To kick things off, in 2016 there will be stiffer individual mandate penalties, increasing to 2.5 percent of the yearly household income (The maximum is the yearly premium for the national average of a Bronze plan sold through the Marketplace), or $695 per adult/$347.50 per child, whichever amount is higher. The maximum penalty per family is $2,085.
For employers, while changes in ACA reporting requirements for 2016 primarily apply to businesses with 50 or more full-time equivalent employees, also called “Applicable Large Employers” (ALEs), there are also aspects that will now impact employers with less than 50 full-time employees. For example, in 2016, any employer who offers self-insured group health plans may now also have to file forms 1094-B and 1095-B for each employee. To determine if you will now need to file these forms, or to get full details on 2016 ACA changes that may impact you or your practice, visit https://www.irs.gov/Affordable-Care-Act/Employers. Contact your financial advisors to help determine the best tax strategies for you.

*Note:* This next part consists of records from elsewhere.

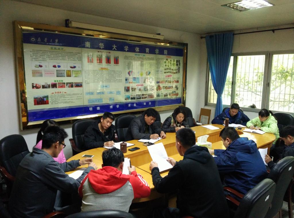 3月16日体育学院2016年度运动训练工作会议在学院会议室召开,院长谭志刚、书记廖卫红、副院长邹卫国、办公室主任龙冲、运动训练教研室主任周欣及全体教练员参会,会议由运动训练教研室主任周欣主持。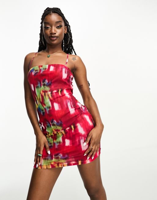 NaaNaa cami bodycon dress with tie back detail in red abstract print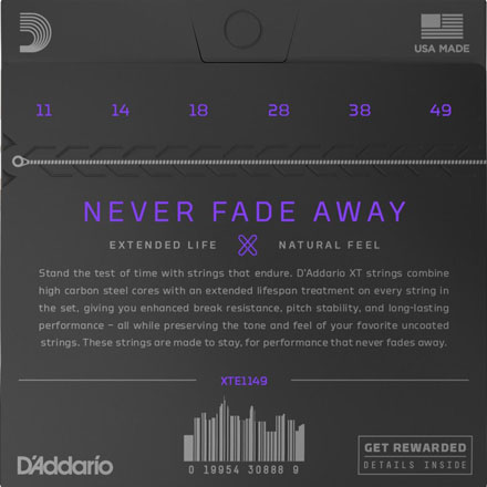 "Siga la prueba del tiempo con cadenas duraderas. Las cuerdas D'Addario XT combinan núcleos de acero con alto contenido de carbono con un tratamiento de larga duración en cada cuerda del juego, lo que te proporciona una mejor resistencia a la rotura, estabilidad del campo y rendimiento duradero, todo mientras conservas el tono y la sensación de tus cuerdas sin recubrimiento favoritas. Estas cuerdas están hechas para permanecer, para un rendimiento que nunca desaparece".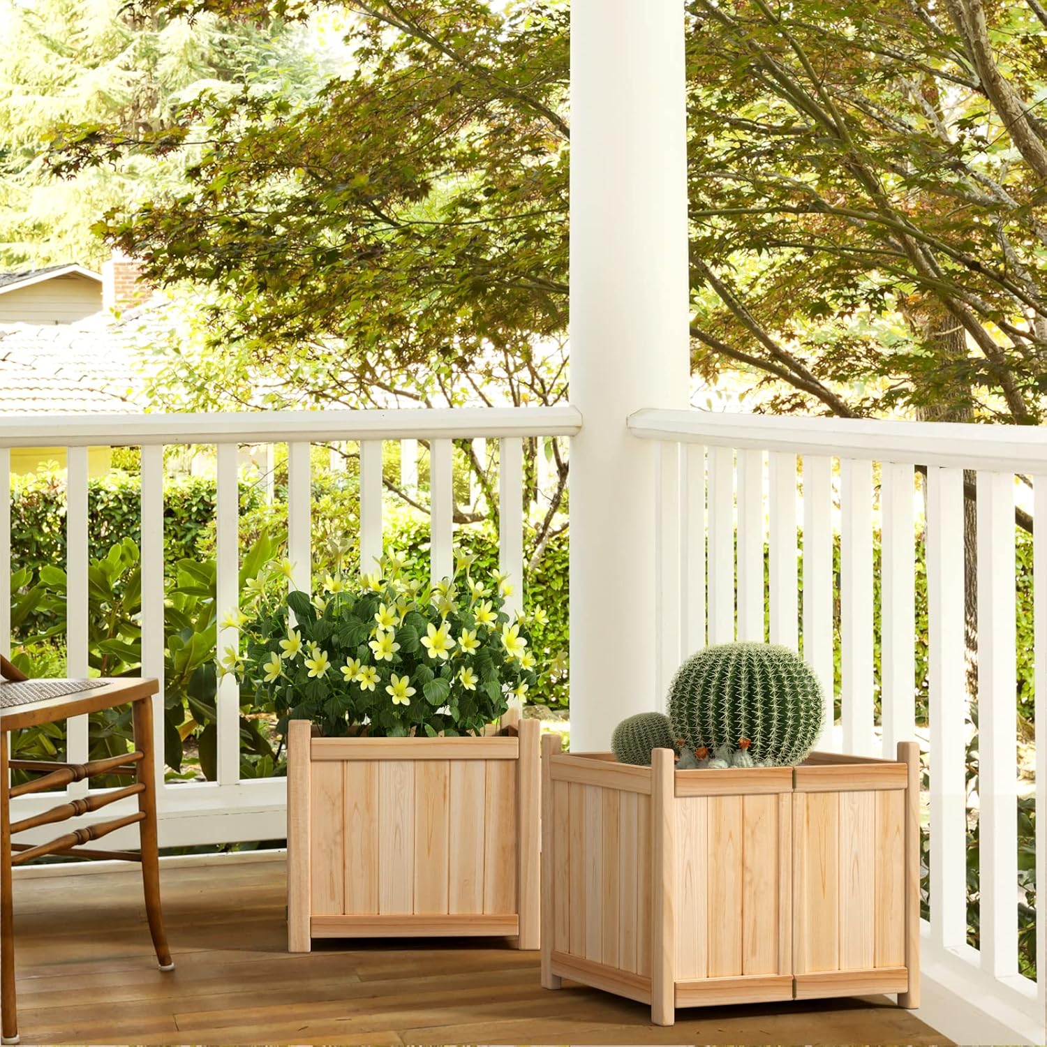 - 【Wood Slats for Plant Ventilation】The planter box is constructed of several wood slats on four sides. There is a slight gap between the slats for plant ventilation.

2. The IRS is taking a stand against identity theft.
Or at least we hope so. It was announced that taxpayers may receive written notice if tax returns seem suspicious and copies of the questionable returns will be provided in order to aid in the process of securing personal information.
3. Joint filing for same-sex couples.
Now that all married couples can file state income taxes in the same way regardless of gender, the tax-free transfer of property, gift taxes and inherited IRAs will all be impacted by the Supreme Court ruling on same-sex marriage.
4. New salary threshold proposed for overtime pay.
This year, the Obama administration proposed new overtime regulations that, if passed, would require most salaried workers earning less than $50,440 annually to be paid 1.5 times their normal pay for time worked beyond 40 hours. This is estimated to impact about five million workers in the new year.
5. New filing deadlines for 2016.
Next year, Emancipation Day falls on Friday, April 15, therefore the April filing deadline for taxpayers will be extended until Monday, April 18, 2016, for 2015 individual returns and for the first 2016 estimated tax payment. Taxpayers in Maine and Massachusetts will have until April 19, 2016, to file their returns in observance of Patriot’s Day on April 18.